Makhdoom Jamil uz Zaman () is a Pakistani politician from Hala, Hyderabad District, Sindh, belonging to the Pakistan Peoples Party Parliamentarians. He is a member of the National Assembly of Pakistan. He became the spiritual leader of Sarwari Jamaat after the death of his father, Makhdoom Muhammad Amin Fahim, and was appointed the 19th caretaker of the Dargah Ghous ul Haq Hazrat Makhdoom Sarwar Nooh A.r.

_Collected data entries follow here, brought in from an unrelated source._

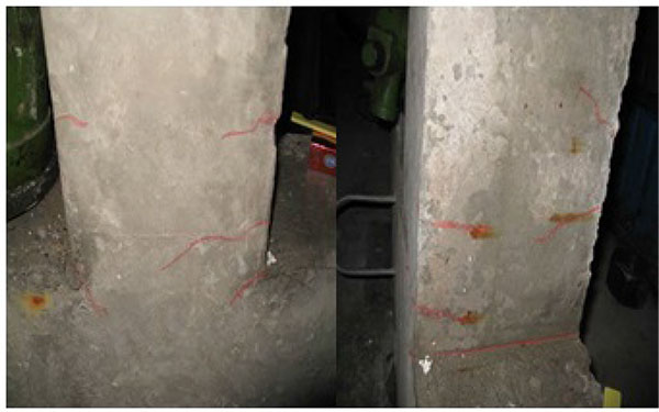 As can be seen from the above table, the original damping ratios of the four specimens are about 2%, which coheres with the measured range of damping ratio of RC structures. Before the cyclic test, the damping ratios of No.3 and No.4 specimens are slightly smaller than the ones of No.1 and No.2 specimens without immersion, which may be caused by the lubricating effect of water in the pores after the immersion of specimens. The damping ratios increase significantly after the cyclic test due to micro-cracking in the RC columns; however, for the specimens with immersion, the rate of change of damping ratio is much larger than that of the specimens without immersion. According to Fig. (8), the loading rate during the test cannot be fast for it is acknowledged that cracks in concrete develop very rapidly under high loading rate with immediate speed. According to micro hydrodynamics, there is a significant increase in the viscosity of free water in the small-size cracks. When the cracks develop, an opposite force is applied by the viscosity of free water, which hinders the development of cracks. Therefore, the damping ratio reflects a growth trend for wet specimens after the cyclic loading.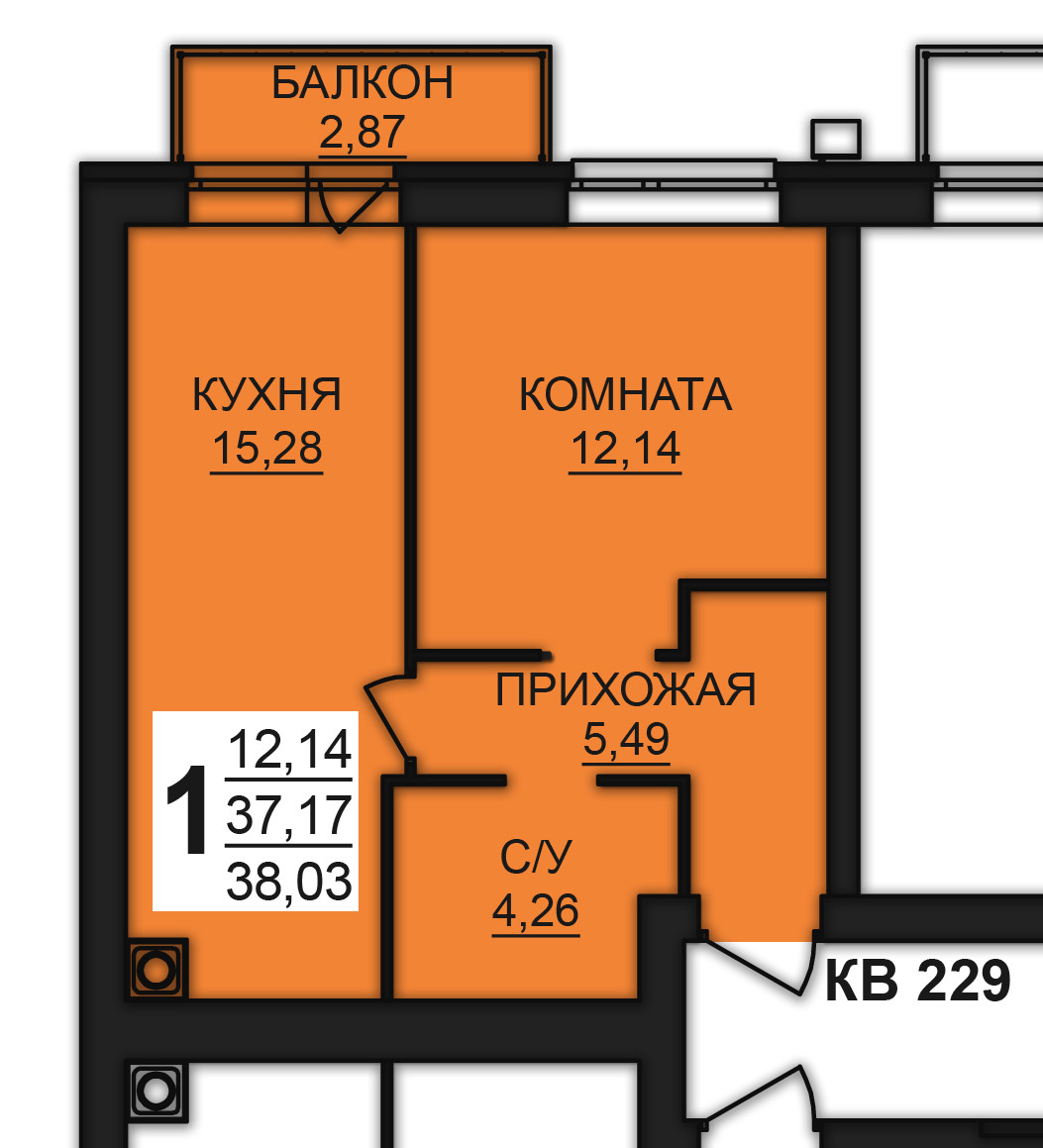 Общая площадь 37.5 м2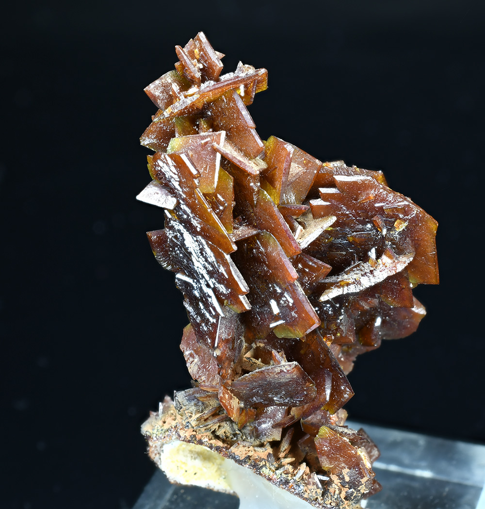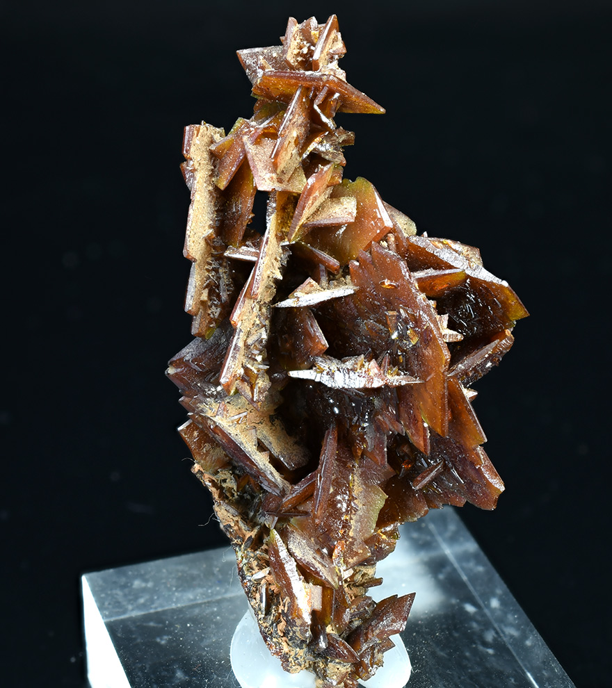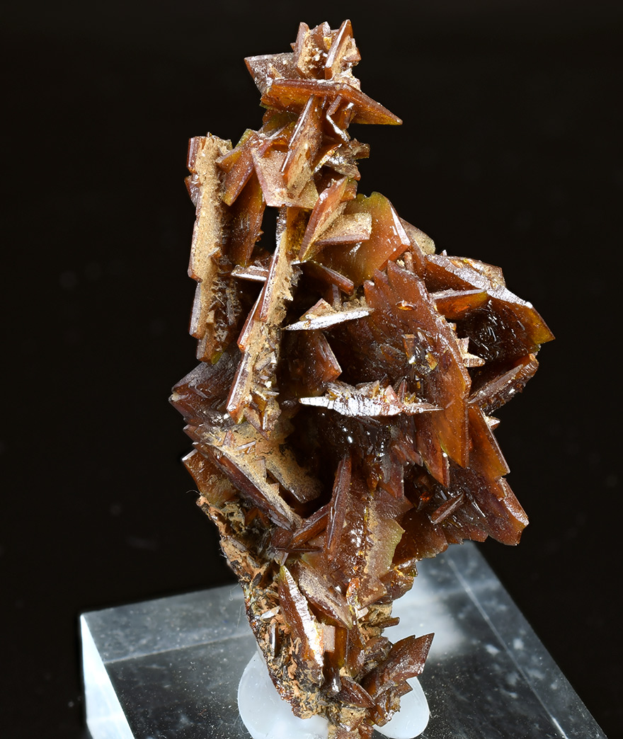 Cluster of many brown descloizite crystals in a branching formation of arrowhead-shaped crystals up to 1,5 cm. The descloizite is translucent with good crystal development and lustrous faces in areas.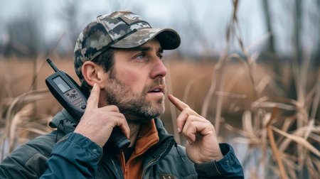 Man in Camouflage Clothing Using Walkie talkie in a Winter Wetland Setting, Outdoor Communication Concept AI Generative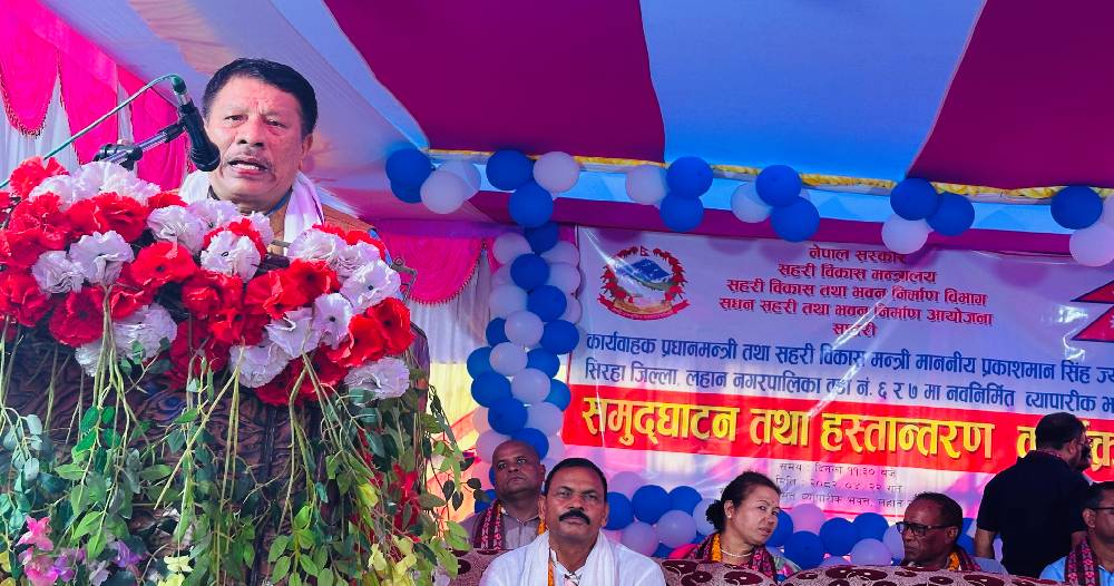 लहानमा निर्माण सम्पन्न भएको नयाँ व्यापारिक भवनको आज यहाँ एक समारोहबीच उद्घाटन गर्दै कार्यवाहक प्रधानमन्त्री सिंहले चुरेको दीर्घकालीन संरक्षणले मधेसमा देखिएको वातावरणीय समस्या समाधान हुने उल्लेख गरे ।

Education and political career 
Jamil uz Zaman achieved has a Master of Arts degree. He started his political activities in 1981. He was minister for Inter-provincial co-ordination and chairman of the Sindhi Adabi board. Jamil uz Zaman served as the member of the Provincial Assembly of Sindh from 1997 to 2002 and 2002 to 2007. He was also the chairman of Talib-ul-Moula Academy, Standing Committee and Sindhi Adabi Board as a member of board of governors of the Institute of Sindhology at University of Sindh and board of governors at Sindhi Adabi Board.

Literary contributions 
 
 Mulakat (poetry)
 Subuhi (collection of poems)
 Uttar Luga Auo Pireen (poems)
 Mohabat Pai Man Main (poems / divan)
 Sindh ji Waqiati Tarikh (570 A.D to 1990 A.D) (chronological history)
 Tazkara-e-Makhdooman-e-Hala (history of the Makdooms of Hala)
 Ant-a-Mehboobi (collection of poems)
 Rooh-Ruchandiyon (poetry)
 Kafia Kosh (dictionary, under print)

References

External links
 

Living people
Sindhi people
Pakistan People's Party politicians
Sindh MPAs 2013–2018
People from Sindh
People from Matiari District
Makhdoom family
Pakistani MNAs 2018–2023
Year of birth missing (living people)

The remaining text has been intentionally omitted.